> Task description
Each line of the listing below, from the very first to the one that contains "Three teams from", is to be retyped exactly as it stands.

> Provided material
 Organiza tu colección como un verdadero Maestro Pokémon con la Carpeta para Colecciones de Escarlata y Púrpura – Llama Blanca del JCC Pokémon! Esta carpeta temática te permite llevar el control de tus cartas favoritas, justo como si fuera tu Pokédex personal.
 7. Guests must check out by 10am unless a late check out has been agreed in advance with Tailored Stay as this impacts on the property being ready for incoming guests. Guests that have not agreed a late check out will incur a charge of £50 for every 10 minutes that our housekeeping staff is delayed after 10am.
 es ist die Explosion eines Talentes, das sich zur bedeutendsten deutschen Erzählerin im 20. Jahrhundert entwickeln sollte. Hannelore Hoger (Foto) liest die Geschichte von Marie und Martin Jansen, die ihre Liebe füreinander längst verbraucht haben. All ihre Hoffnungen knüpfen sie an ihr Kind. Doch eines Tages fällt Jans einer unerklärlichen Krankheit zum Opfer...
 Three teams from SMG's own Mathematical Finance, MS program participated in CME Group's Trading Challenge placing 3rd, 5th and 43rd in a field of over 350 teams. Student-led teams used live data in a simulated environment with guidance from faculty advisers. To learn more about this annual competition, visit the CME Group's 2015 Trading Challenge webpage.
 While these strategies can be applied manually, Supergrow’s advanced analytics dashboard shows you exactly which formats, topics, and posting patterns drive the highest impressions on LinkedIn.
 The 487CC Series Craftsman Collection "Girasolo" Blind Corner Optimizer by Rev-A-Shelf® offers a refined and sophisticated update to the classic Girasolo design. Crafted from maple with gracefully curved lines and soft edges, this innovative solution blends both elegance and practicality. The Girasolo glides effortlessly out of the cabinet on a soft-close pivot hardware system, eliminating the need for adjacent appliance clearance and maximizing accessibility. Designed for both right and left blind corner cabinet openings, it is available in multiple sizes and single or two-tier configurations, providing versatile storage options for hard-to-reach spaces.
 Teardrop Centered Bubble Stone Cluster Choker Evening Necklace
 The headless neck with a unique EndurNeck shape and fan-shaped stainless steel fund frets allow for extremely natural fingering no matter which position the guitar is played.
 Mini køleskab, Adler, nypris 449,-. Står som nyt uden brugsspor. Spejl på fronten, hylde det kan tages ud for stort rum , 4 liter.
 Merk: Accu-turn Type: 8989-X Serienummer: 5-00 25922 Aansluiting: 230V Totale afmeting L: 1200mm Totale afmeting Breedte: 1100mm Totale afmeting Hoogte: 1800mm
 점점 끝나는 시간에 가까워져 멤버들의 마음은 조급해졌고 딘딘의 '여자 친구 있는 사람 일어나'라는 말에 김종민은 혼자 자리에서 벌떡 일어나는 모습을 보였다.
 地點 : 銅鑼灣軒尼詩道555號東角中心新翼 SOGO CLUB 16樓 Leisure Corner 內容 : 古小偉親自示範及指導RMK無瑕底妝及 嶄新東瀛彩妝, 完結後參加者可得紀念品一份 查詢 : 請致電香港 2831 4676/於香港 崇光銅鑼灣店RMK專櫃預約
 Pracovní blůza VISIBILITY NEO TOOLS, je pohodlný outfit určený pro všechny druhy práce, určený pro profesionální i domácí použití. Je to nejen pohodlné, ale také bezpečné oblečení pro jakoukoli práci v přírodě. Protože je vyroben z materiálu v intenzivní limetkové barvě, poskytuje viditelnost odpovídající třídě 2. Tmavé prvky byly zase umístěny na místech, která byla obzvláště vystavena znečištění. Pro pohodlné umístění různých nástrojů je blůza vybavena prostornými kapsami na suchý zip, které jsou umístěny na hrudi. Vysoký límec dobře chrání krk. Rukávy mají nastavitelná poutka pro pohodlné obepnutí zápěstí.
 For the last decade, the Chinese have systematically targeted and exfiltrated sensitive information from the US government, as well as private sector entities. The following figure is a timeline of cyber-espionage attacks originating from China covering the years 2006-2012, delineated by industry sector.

> Result
 Organiza tu colección como un verdadero Maestro Pokémon con la Carpeta para Colecciones de Escarlata y Púrpura – Llama Blanca del JCC Pokémon! Esta carpeta temática te permite llevar el control de tus cartas favoritas, justo como si fuera tu Pokédex personal.
 7. Guests must check out by 10am unless a late check out has been agreed in advance with Tailored Stay as this impacts on the property being ready for incoming guests. Guests that have not agreed a late check out will incur a charge of £50 for every 10 minutes that our housekeeping staff is delayed after 10am.
 es ist die Explosion eines Talentes, das sich zur bedeutendsten deutschen Erzählerin im 20. Jahrhundert entwickeln sollte. Hannelore Hoger (Foto) liest die Geschichte von Marie und Martin Jansen, die ihre Liebe füreinander längst verbraucht haben. All ihre Hoffnungen knüpfen sie an ihr Kind. Doch eines Tages fällt Jans einer unerklärlichen Krankheit zum Opfer...
 Three teams from SMG's own Mathematical Finance, MS program participated in CME Group's Trading Challenge placing 3rd, 5th and 43rd in a field of over 350 teams. Student-led teams used live data in a simulated environment with guidance from faculty advisers. To learn more about this annual competition, visit the CME Group's 2015 Trading Challenge webpage.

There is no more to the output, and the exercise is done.